WHAT NEEDS TO BE DONE |
Below are some records. Return exactly their lines from the one containing "SolaceShine - قطع" through the one containing "Handcrafted Wooden Bird", and drop the pictures.

DATA |
§ §
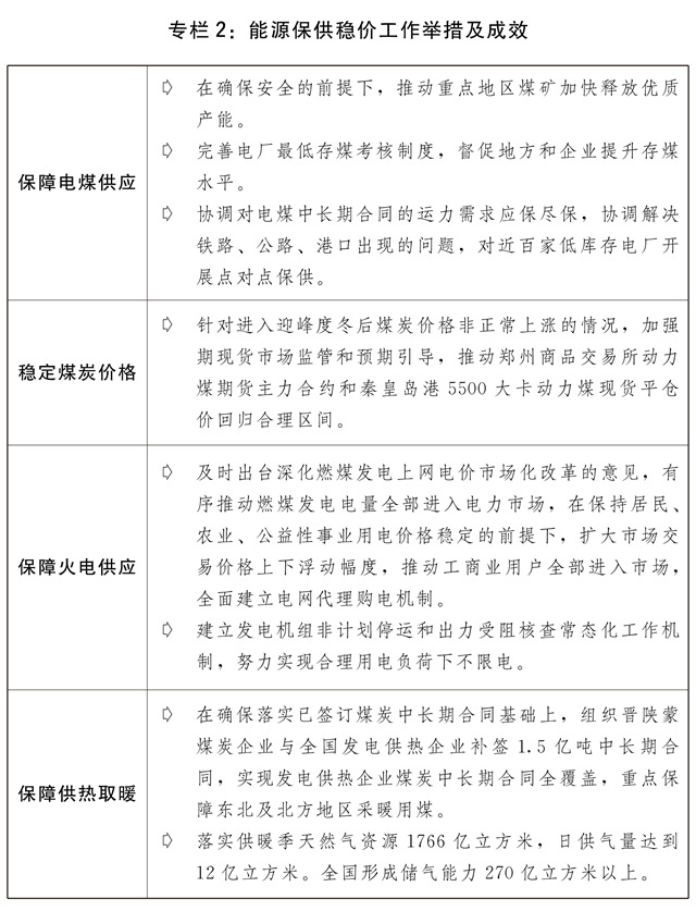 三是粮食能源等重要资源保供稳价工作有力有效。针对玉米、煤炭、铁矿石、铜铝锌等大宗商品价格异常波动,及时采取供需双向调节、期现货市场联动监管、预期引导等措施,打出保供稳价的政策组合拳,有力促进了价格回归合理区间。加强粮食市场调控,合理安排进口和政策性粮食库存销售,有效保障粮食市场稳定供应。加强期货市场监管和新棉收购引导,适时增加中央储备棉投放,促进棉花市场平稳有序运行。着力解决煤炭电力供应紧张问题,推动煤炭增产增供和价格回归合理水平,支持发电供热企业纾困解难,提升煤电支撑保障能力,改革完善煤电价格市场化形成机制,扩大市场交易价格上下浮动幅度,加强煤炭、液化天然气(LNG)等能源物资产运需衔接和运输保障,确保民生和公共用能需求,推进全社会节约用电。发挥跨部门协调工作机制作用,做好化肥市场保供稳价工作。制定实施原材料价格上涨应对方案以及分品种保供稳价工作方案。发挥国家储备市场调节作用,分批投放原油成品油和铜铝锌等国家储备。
§ §
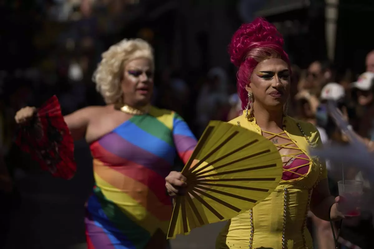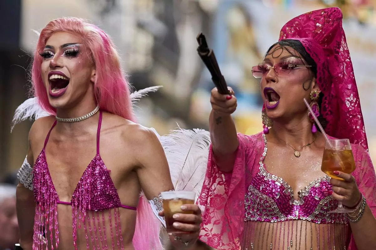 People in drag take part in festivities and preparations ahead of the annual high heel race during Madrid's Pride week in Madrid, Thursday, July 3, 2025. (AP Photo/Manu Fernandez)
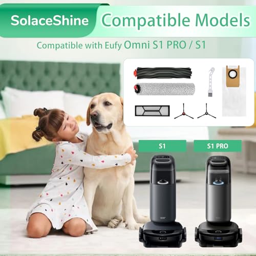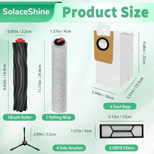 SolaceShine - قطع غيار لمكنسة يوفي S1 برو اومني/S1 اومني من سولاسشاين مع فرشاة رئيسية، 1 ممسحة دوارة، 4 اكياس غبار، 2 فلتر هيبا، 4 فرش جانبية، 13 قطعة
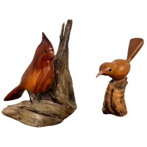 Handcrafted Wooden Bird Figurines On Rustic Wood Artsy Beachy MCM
§ §
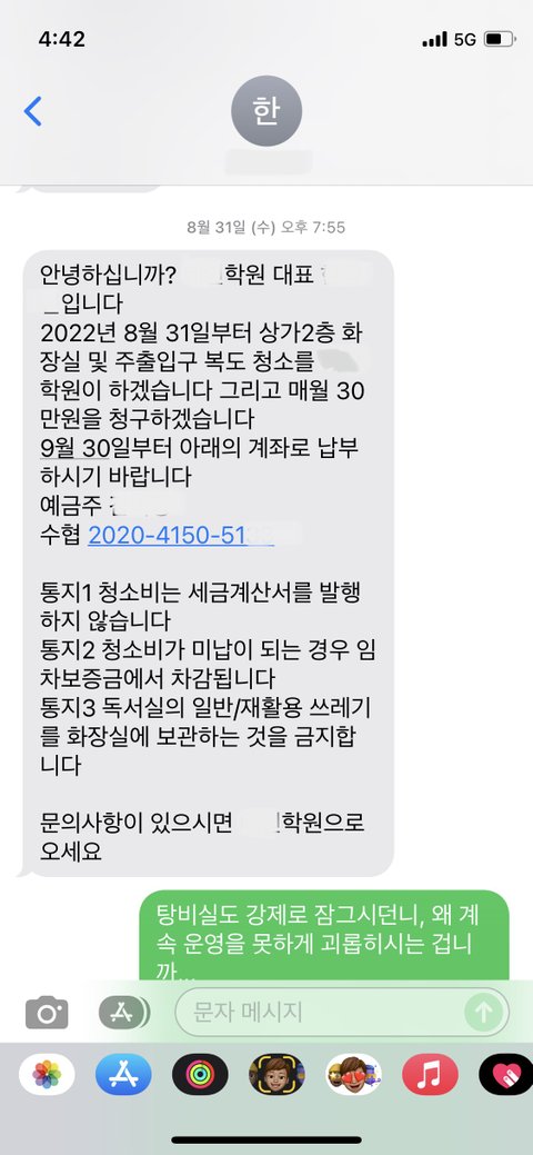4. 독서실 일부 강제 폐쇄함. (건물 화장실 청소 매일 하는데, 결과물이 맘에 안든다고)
§ §
COMPLETED EXERCISE |
 SolaceShine - قطع غيار لمكنسة يوفي S1 برو اومني/S1 اومني من سولاسشاين مع فرشاة رئيسية، 1 ممسحة دوارة، 4 اكياس غبار، 2 فلتر هيبا، 4 فرش جانبية، 13 قطعة
 Handcrafted Wooden Bird Figurines On Rustic Wood Artsy Beachy MCM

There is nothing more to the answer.